I strongly encourage you to aspire, inspire and perspire towards your goals. We all have limited time in this world and every day, hour and minute is precious. Before you decide on how to spend this precious time, think how you will feel about your choice ten years from now. We are fortunate to be living at a time when knowledge is democratized and each one of us have numerous opportunities to make a difference. Please make it count to take yourself and your community forward.
I jotted this down as a blogpost so that I can see for myself ten years from now on how I feel about this!
One of the few books that keeps coming to my mind and reminds me of my north star every time I need help is “The Fifth Discipline – The Art & Practice of The Learning Organization” by Peter Senge. I have used the principles and learnings from this book countless number of times during the last ten years since I read this book. 2022 has been an extremely busy year for me at work and have neither been able to read many books nor post any blogs. So, thought I will celebrate tenth anniversary of reading this book by sharing the key learnings from this book here.
Peter Senge aptly uses the example of aviation technology taking more than thirty years to serve general public after Wright brothers invented flying to highlight that an idea moves from invention to innovation only when diverse “component technologies” comes together to integrate an ensemble of technologies that are critical to one another’s success. Similarly, there are five “component disciplines” are gradually converging to innovate learning organizations. They are – Personal Mastery, Mental Models, Building Shared Vision, Team Learning and Systems Thinking. While the first four are effective on their own to a certain extent, the fifth discipline of Systems Thinking integrates the other disciplines, fusing them into a coherent body of theory and practice.

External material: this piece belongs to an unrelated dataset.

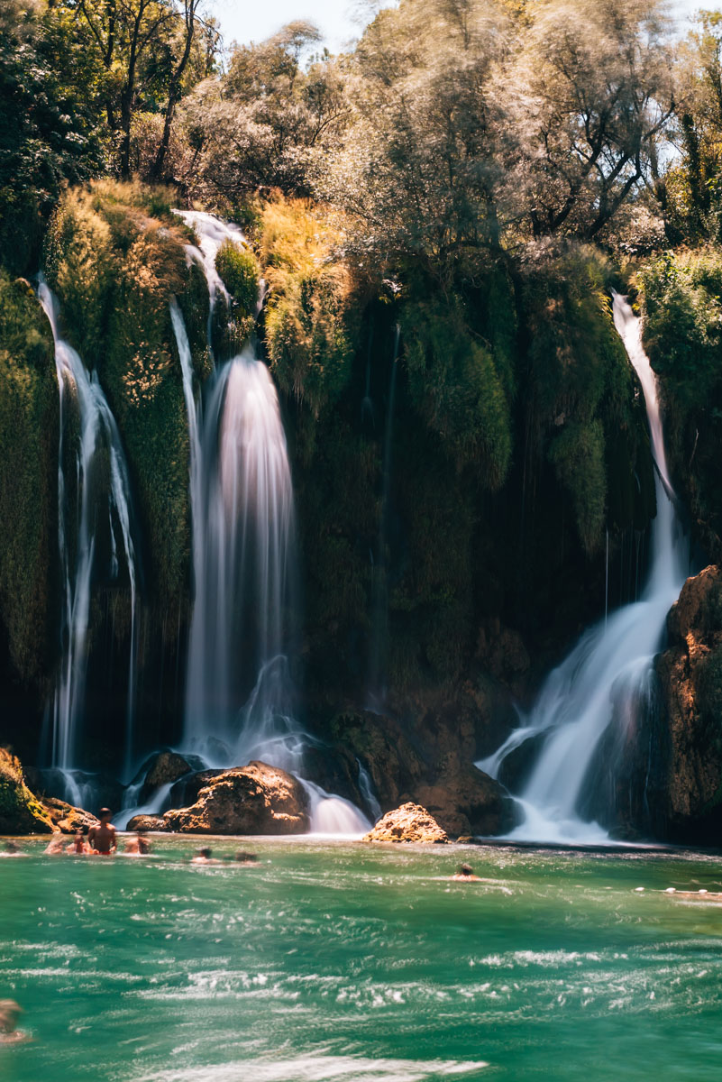 Die Dimensionen sind gigantisch. Etwa 30 Meter stürzt der Fluss Trebižat hier über mehrere Kaskaden und Wasserfälle in die Tiefe. Die Kraft des Wassers ist eindrucksvoll – insbesondere, wenn es gerade viel geregnet hat.
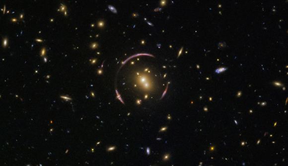 Hubble image of SDSSJ0146-0929, a galaxy cluster that is massive enough to severely distort the spacetime around it. There's the mass of the visible stars and gas in each galaxy member. However, there's also a hidden amount of dark matter that adds to the cluster's mass. Credit: ESA/Hubble & NASA; Acknowledgment: Judy Schmidt

This blog post is not about these disciplines or even Systems Thinking but lists out two key topics that provides an understanding and basis for the core disciplines for building a learning organization. These topics are the 7 Learning Disabilities that lead to individuals and organizations failing in the long term and the 11 Laws of the Fifth Discipline that enables an organization to sustain its ability to learn and grow.
Learning Disabilities: We have seen a number of well-established companies vanish over a short period of time. A study estimates that the average lifetime of the largest industrial enterprises is less than forty years, roughly half the lifetime of a human being! We have seen a number of industry leaders disappear during the last fifteen years, the ones relevant to our context will be Blackberry, Nokia, Kodak and Blockbuster to name a few. In all these companies, there was abundant evidence in advance that the firm was in trouble. The evidence goes unheeded, though the individual managers are aware of it. The organization as a whole cannot recognize impending threats, understand the implications of those threats or come up with alternatives. This is a reflection of these organizations failing to learn, which could be due to a number of reasons – they way they are designed and managed or the way people’s jobs are defined. Most importantly, the way we have all been taught to think and interact create fundamental learning disabilities. It is important that we learn to recognize when these disabilities occur and take corrective action.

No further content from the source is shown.